A great website for serious left wing commentary and news is ZDnet. They have a print edition available in the United States by subscription for just $19/year. As I much prefer reading things offline, I would subscribe were I physically able to receive the magazine.
Here are some excerpts from a 9000! word interview with Noam Chomsky. Chomsky’s first bon mot provides a vivid image for the current state of intellectual property rights.
Even the free trade agreements, so-called, are highly protectionists, the extra-ordinary intellectual property rights go way beyond anything existed in the past those are purely protectionist. They are designed to maintain monopoly rights for major corporations. If the currently rich countries had ever been faced with such rules, the US would now be exporting fish and fur.
At the end of the interview, there were three or four difficult letters to Noam Chomsky from readers who accused him of just hating the United States and having nothing productive to say. His evaluation of the situation strangely invokes biblical references.
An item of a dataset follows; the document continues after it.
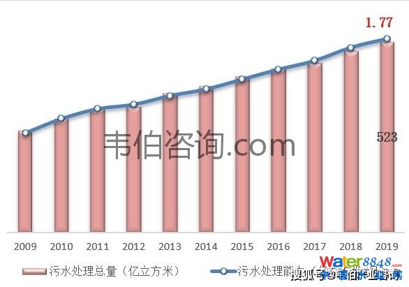 由于城鎮(zhèn)化和經(jīng)濟(jì)發(fā)展需求,中國城市近年來污水產(chǎn)生量和處理量呈上升趨勢。從城市污水處理情況來看,截至2019年底,全國城市污水處理廠處理能力1.77億立方米/日,累計處理污水量523億立方米。
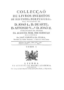- Pina, Ruy de. Chronica do Senhor Rey D. Duarte // Collecção de livros ineditos de historia portugueza / ed. J.F. Correia da Serra. Lisbon: Academia das Ciências de Lisboa, 1790. T. 1. p. 71-194.

There were people in the biblical period who we would call dissident intellectuals, they’re called Prophets. It’s a bad translation of an obscure Hebrew word. But if you look at what the Prophets were saying, it’s what we would call dissident intellectuals. Geopolitical critique, a call for justice and freedom and so on. Yes, that’s dissident intellectuals. How were they treated? Well? No, they were denounced as haters of Israel. They were driven into the desert, they were imprisoned, reviled. Now, there were intellectuals at that time who were very highly respected, namely the flatterers at the court. Hundreds of years later they were called false prophets. That’s the way it works. It’s the flatterers at the court who are typically the mainstream of the intellectuals.
So Noam Chomsky sees himself as part of a Hebrew tradition stretching back to the beginning of recorded time. Quite a neat end run around the self-hating charge.